- Born: April 5, 1907 New York City, U.S.
- Died: December 5, 1968 (aged 61) Beverly Hills, California, U.S.
- Occupation: Film producer
- Spouse: Lottie Mandell ​(m. 1928)​
- Children: 2
- Relatives: Walter Mirisch (half-brother) Marvin Mirisch (half-brother) John A. Mirisch (grandson)

= Harold Mirisch =

American film production company executive

Harold Mirisch (March 4, 1907 – December 5, 1968) was an American film production company executive.

==Early life==
He was born on May 4, 1907 to a Jewish family in New York, New York, one of two sons born to Flora (née Glasshut) and Max Mirisch. His father emigrated from Kraków in 1891 at the age of 17, arriving in New York City where he worked as a tailor. His mother was the daughter of immigrants; she died of cancer at the age of 40 and his father remarried to Josephine Frances Urbach with whom he had two sons. He was the brother of Irving Mirisch and half-brother of Marvin Mirisch and Walter Mirisch.

==Career==
At the age of 14, Mirisch worked as an office boy at Warner Brothers in New York City. In 1938, at the prodding of a Warner executive, he moved to Memphis where he learned the theater management side of the business. In 1942, he joined RKO Theaters in New York City and was in charge of booking their circuit. In 1947, he moved to Los Angeles with his brothers to produce low‐budget films for Allied Artists. He made a fortune in the Midwest thanks to the Theater Candy Company, which sold candies to moviegoers.

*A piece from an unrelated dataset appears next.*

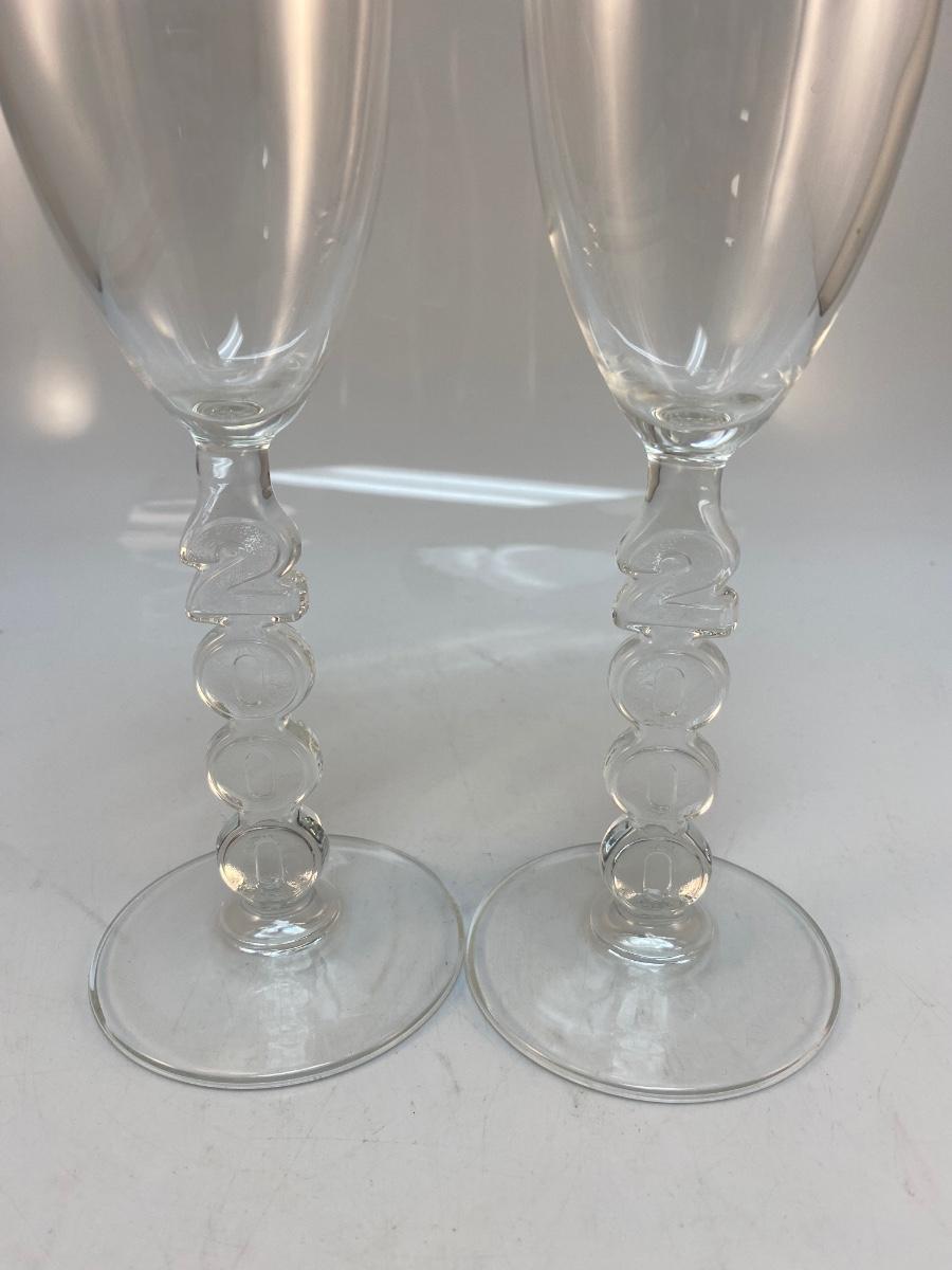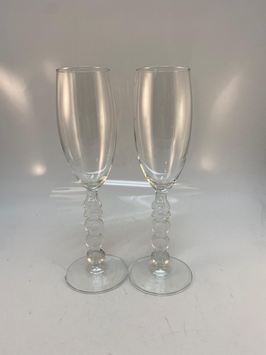 Pair of Millenium Year 2000 Stem Celebration Anniversary Champagne Glasses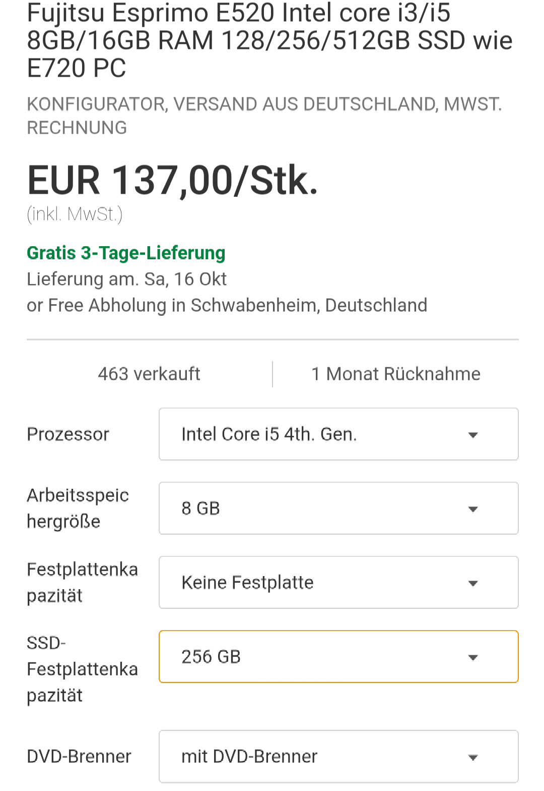 Es gehen auch gebraucht Geräte und ich habe mich eigentlich etwas in den HP prodesk twr 600 g1 i3 ver liebt weil a ) günstig und B ) simpel und mit Windows 10 . (64 Bit)

He moved to California, and served as Vice President of Allied Artists, a film production company. He was an uncredited executive producer on Beachhead in 1954. In 1957, together with his brothers Marvin and Walter, he co-founded The Mirisch Company, one of the leading independent production companies, and served as its President.

==Personal life and death==
In 1928, he married Lottie Mandell; they had two children, Maxine Mirisch Segal and Robert Mirisch. Prior to his death on December 5, 1968, in Beverly Hills.

His grandson, John A. Mirisch, served as the mayor of Beverly Hills, California from March 2013 to March 2014.